Сьюзан Грубар - Иуда: предатель или жертва?
Скептику, продолжающему страдать от не искупаемой боли и бедности, слова Иисуса кажутся в лучшем случае донкихотством, в худшем — плодом возбужденного рассудка.[362]В таком сценарии Иуда вовсе не стремится осознанно предать или навредить своему бесстрашному учителю, но понимает или чувствует (и даже страшится), что это необходимо сделать. Пользующийся доверием близкий друг, Иуда наделяется дискреционной силой сделать все от него зависящее, чтобы обеспечить успех Иисусу. Но по своему разумению, в силу своих способностей и представлений, Иуда оценивает ситуацию в духе, не согласующемся с тем, как видит ее Его обожаемый друг. И в данном случае для оценки роли Иуды в Драме Страстей Господних применим принцип прямой причинности, не сопряженной с нравственной ответственностью: возможно, двенадцатый апостол был виновен в неумышленном причинении вреда; но Иуда не продумывал или не осознавал полностью всех последствий своих действий. Справедливы или ошибочны его постоянные сомнения, но сознание, обремененное тлетворным знанием, страдает, пребывая в безрадостном состоянии постижения своей противоречивой линии поведения, но не видит выхода. В этом смысле Иуда-аномалия напоминает Иисуса, с которым он связан и который часто проявляет нерешительность и колебания по поводу той миссии, что Ему надлежит исполнить.

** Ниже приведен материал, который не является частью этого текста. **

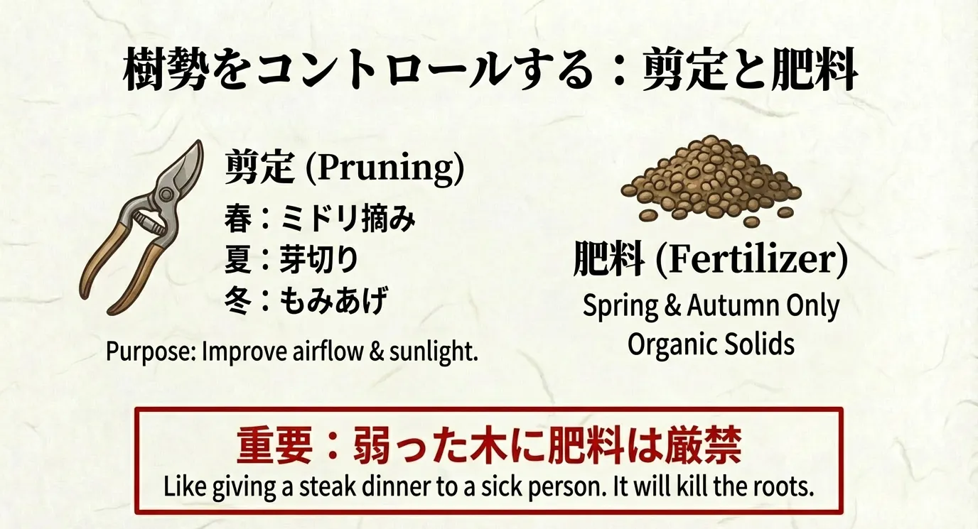 - 剪定と芽摘みで樹勢をコントロールする技法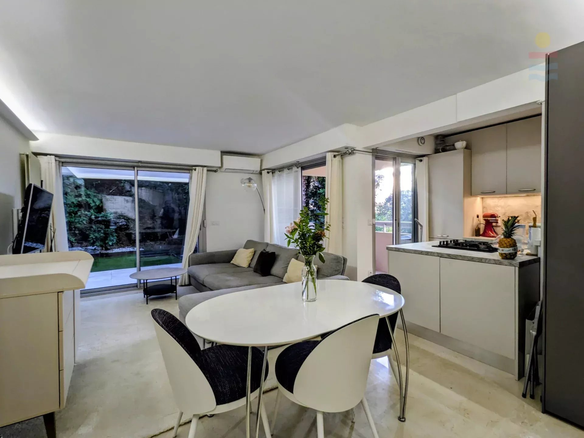 Dans l’un des quartiers les plus recherchés de Nice, au cœur d’une résidence de standing parfaitement entretenue et dotée d’un patio intérieur, découvrez un appartement entièrement rénové avec des prestations haut de gamme. Ce grand deux-pièces de 50,42 m² loi Carrez offre une atmosphère unique, presque suspendue, ouvrant sur un jardin d’environ 50 m² ainsi qu’un balcon-terrasse exposé au sud-ouest, baignant l’ensemble de l’appartement d’une belle luminosité. Le séjour accueille une cuisine aménagée et équipée, et bénéficie d’une vue dégagée sur la ville et un aperçu mer latéral. La chambre, équipée d’un placard intégré, donne également accès à la terrasse. Une salle de douche avec toilette complète le confort de ce bien. La rénovation vient d’être achevée, avec un niveau de finition remarquable : climatisation réversible intégrée, domotique, système de sécurité renforcé, caméras de surveillance. L’ensemble offre un cadre de vie contemporain, élégant et parfaitement optimisé. Le bien est proposé avec une cave et un grand garage en sous-sol, indissociables et en sus du prix affiché. Les informations sur les risques auxquels ce bien est exposé sont disponibles sur le site Géorisques : http://georisques.gouv.fr
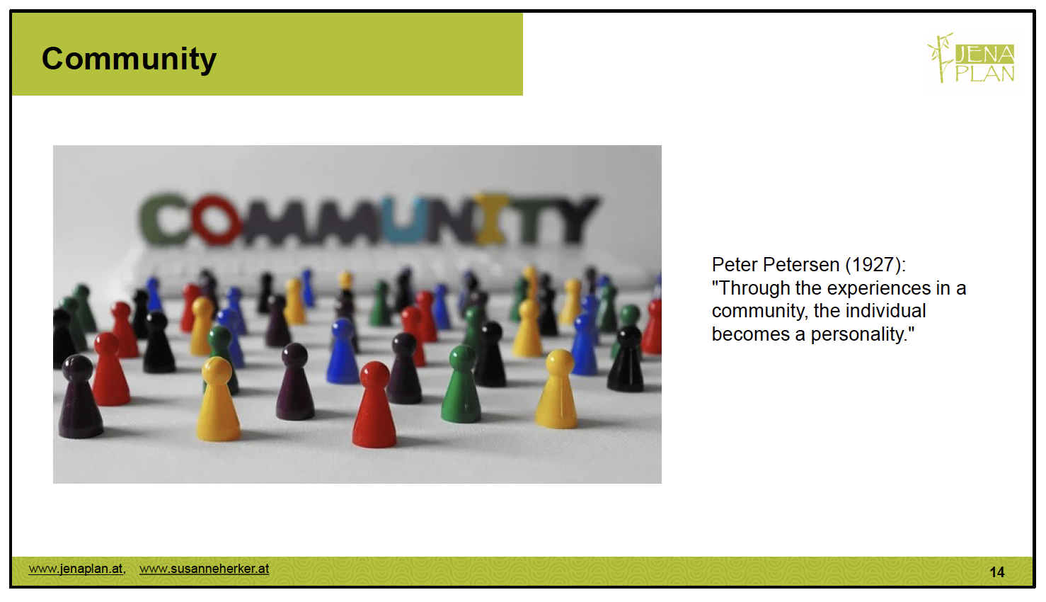 - Herker, S. (2023). Jenaplan Pädagogik - ein permanenter Anspruch auf Zeitgemäßheit. In: Kinderleben 46, www.jenaplan.eu/KINDERLEBEN/

Подобная историческая траектория не только отображает нарастающую неопределенность в воззрениях на добро и всемогущество Бога и Сына Божьего, но и высвечивает растущую универсальность Иуды. Писатели все чаще обращаются к его воображаемому субъективному характеру для постижения человеческого состояния. Противоречивые портреты множатся. Двигаясь по своей траектории от бесславия к признанию, Иуда выступает то в роли виновного преследователя жертвы, то в роли невинной жертвы; то в роли любовника, то в роли человека ненавидимого; то в роли радикального борца, то в роли традиционного консерватора; то в роли проницательного, вдумчивого, сомневающегося, скептика, то пылкого, истового верующего. Но на всем своем пути он периодически, вновь и вновь, соотносится с Иисусом. Так как чрез такое соотнесение творческое сознание пытается разрешить вопрос о зле вреда. Но как в истории об измене противоположные друг другу Иисус и Иуда могут отражать друг друга? И что подобное соотнесение двух действующих лиц Драмы Страстей Господних говорит нам о зле или вреде?[363]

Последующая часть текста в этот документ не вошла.